▶ **YOUR ASSIGNMENT**
Your reply should be the entries, output word for word, with each picture omitted.

Start of GIVEN RECORDS

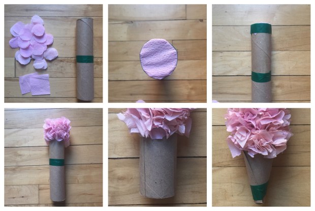 I taped together two toilet paper tubes as the base and then covered one end with tissue paper.
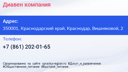 Диавен, компания по адресу 350001, Краснодарский край, Краснодар, Вишняковой, 2 в дальнейшем Организация, размещена в следующих категориях:
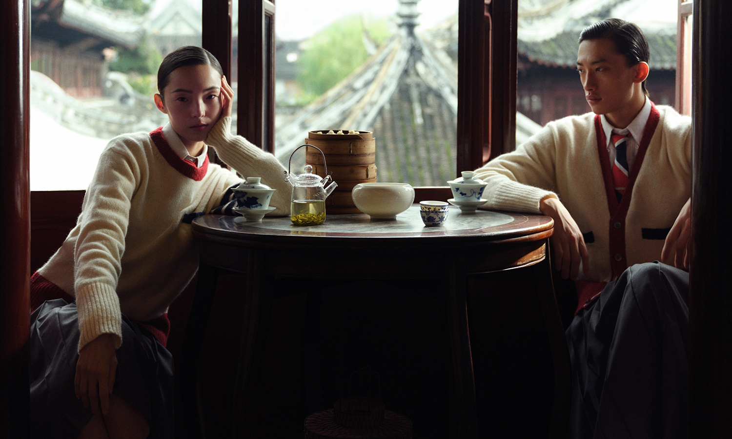 Thom Browne 于日前正式上线新年系列大片,系列包含经典典灰色制服、黑色礼服与红色季节单品。该组大片由摄影师张家诚于上海拍摄,超模雎晓雯、余航共同演绎。
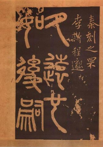 李斯,不仅是秦代著名的政治家,也是中国书法史上有记载的第一个创新者。他以“小篆”为标准,整理文字,不仅对我国文字的统一做出了贡献,还对汉字书法的发展起了先驱的作用。《峄山石刻》、《泰山石刻》、《琅琊石刻》、《会稽石刻》即为李斯所书。尤其是后世流传下来的《峄山石刻》,可以看出李斯的书法运笔坚劲流畅,线条圆润饱满,结构匀称协调,点画粗细规整,字字飞动,有如一幅优美的图画。李斯的小篆书法可谓空前绝后,历代书法家都给予了极高的评价。
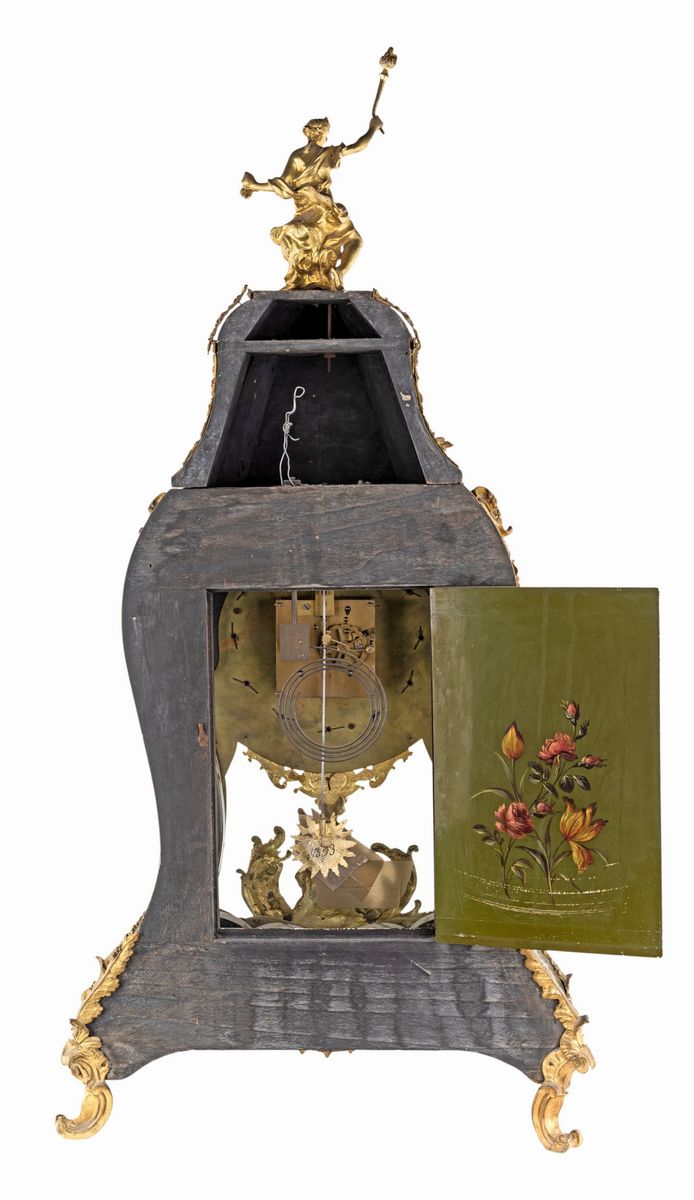 con ricca ornamentazione di bronzo cesellati e dorati; cassa sagomata su mensola a goccia decorate a motivi floreali policromi su fondo verde; fascia oraria a numeri romani su placche in smalto. Reca firma Baltazar. Francia, fine del XIX secolo.
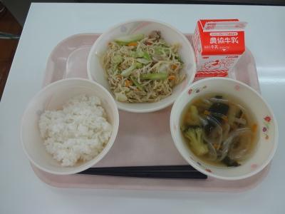 ~ごはん、厚揚げ入りホイコーロー、もやしのスープ、牛乳~
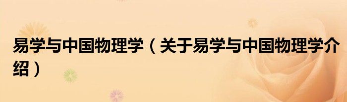 关于易学与中国物理学到此分享完毕,希望能帮助到您。
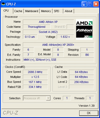 | Процессор (ядро) | AMD Athlon XP (Thoroughbred) |
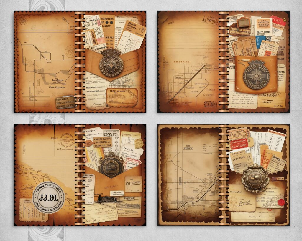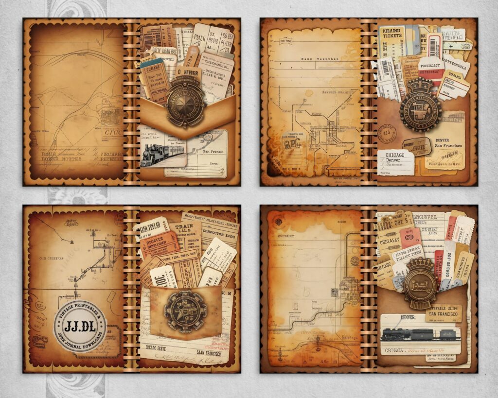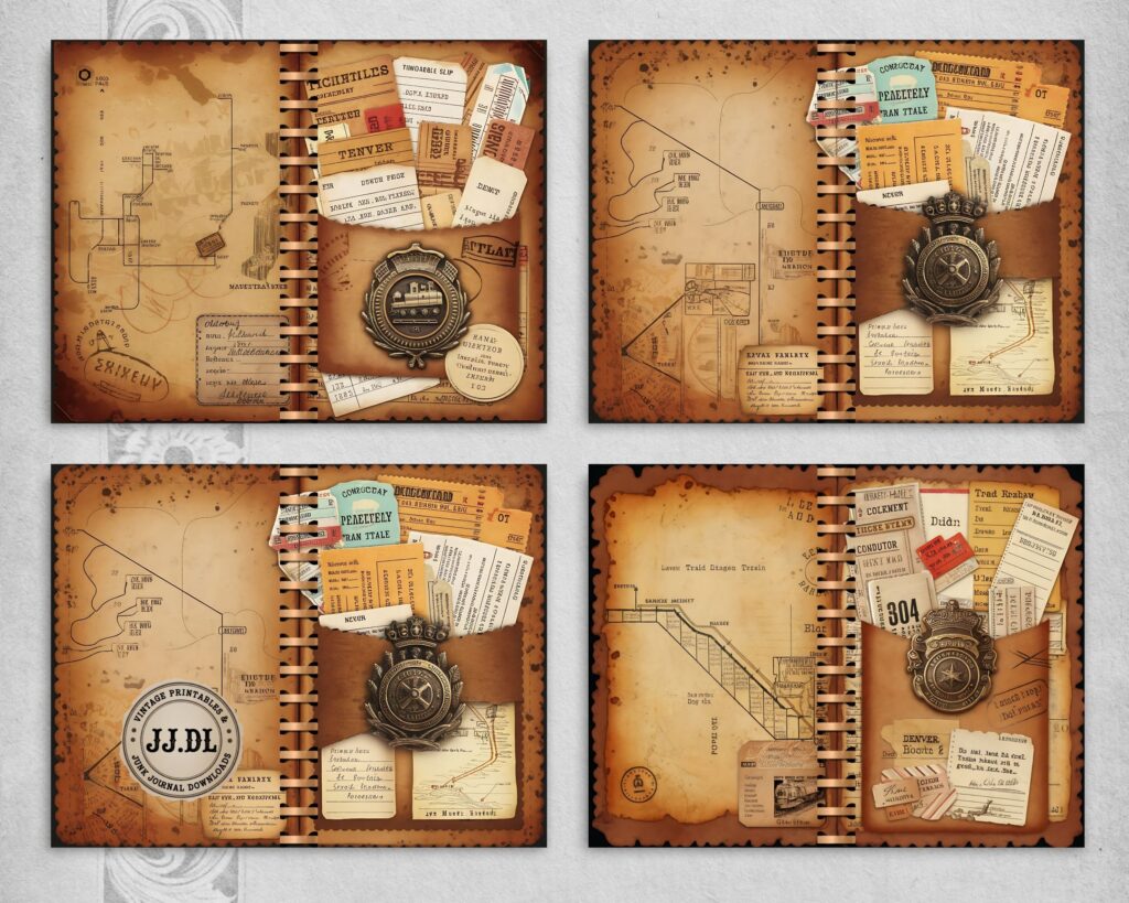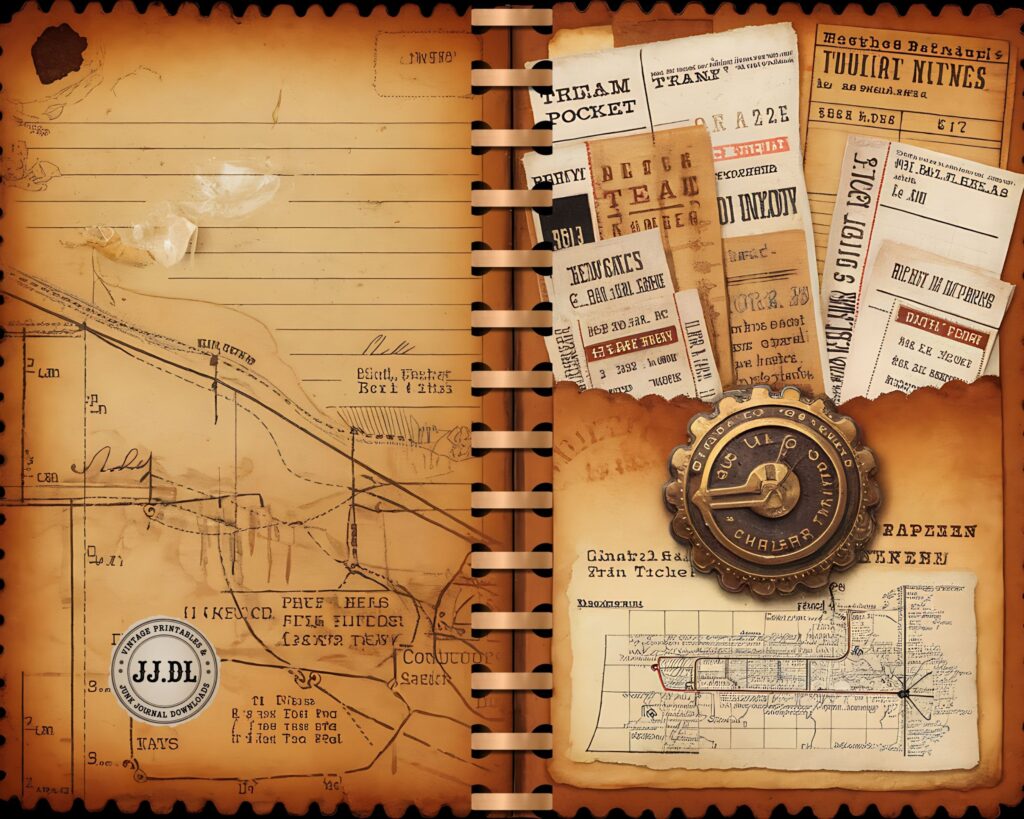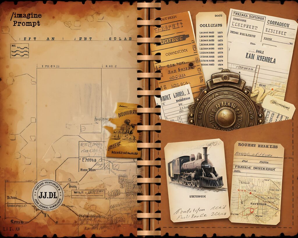Step aboard a bygone era with the Steam Railway Vintage Junk Journal Kit, a 20-page printable collection inspired by the golden age of locomotives and cross-country exploration. Designed on richly tea-stained parchment with scalloped edges, each page captures the timeless romance of steam travel, filled with nostalgic detail and layered texture.

End of GIVEN RECORDS

▶ **EXPECTED OUTPUT**
 I taped together two toilet paper tubes as the base and then covered one end with tissue paper.
 Диавен, компания по адресу 350001, Краснодарский край, Краснодар, Вишняковой, 2 в дальнейшем Организация, размещена в следующих категориях:
 Thom Browne 于日前正式上线新年系列大片,系列包含经典典灰色制服、黑色礼服与红色季节单品。该组大片由摄影师张家诚于上海拍摄,超模雎晓雯、余航共同演绎。
 李斯,不仅是秦代著名的政治家,也是中国书法史上有记载的第一个创新者。他以“小篆”为标准,整理文字,不仅对我国文字的统一做出了贡献,还对汉字书法的发展起了先驱的作用。《峄山石刻》、《泰山石刻》、《琅琊石刻》、《会稽石刻》即为李斯所书。尤其是后世流传下来的《峄山石刻》,可以看出李斯的书法运笔坚劲流畅,线条圆润饱满,结构匀称协调,点画粗细规整,字字飞动,有如一幅优美的图画。李斯的小篆书法可谓空前绝后,历代书法家都给予了极高的评价。
 con ricca ornamentazione di bronzo cesellati e dorati; cassa sagomata su mensola a goccia decorate a motivi floreali policromi su fondo verde; fascia oraria a numeri romani su placche in smalto. Reca firma Baltazar. Francia, fine del XIX secolo.
 ~ごはん、厚揚げ入りホイコーロー、もやしのスープ、牛乳~
 关于易学与中国物理学到此分享完毕,希望能帮助到您。
 | Процессор (ядро) | AMD Athlon XP (Thoroughbred) |
Step aboard a bygone era with the Steam Railway Vintage Junk Journal Kit, a 20-page printable collection inspired by the golden age of locomotives and cross-country exploration. Designed on richly tea-stained parchment with scalloped edges, each page captures the timeless romance of steam travel, filled with nostalgic detail and layered texture.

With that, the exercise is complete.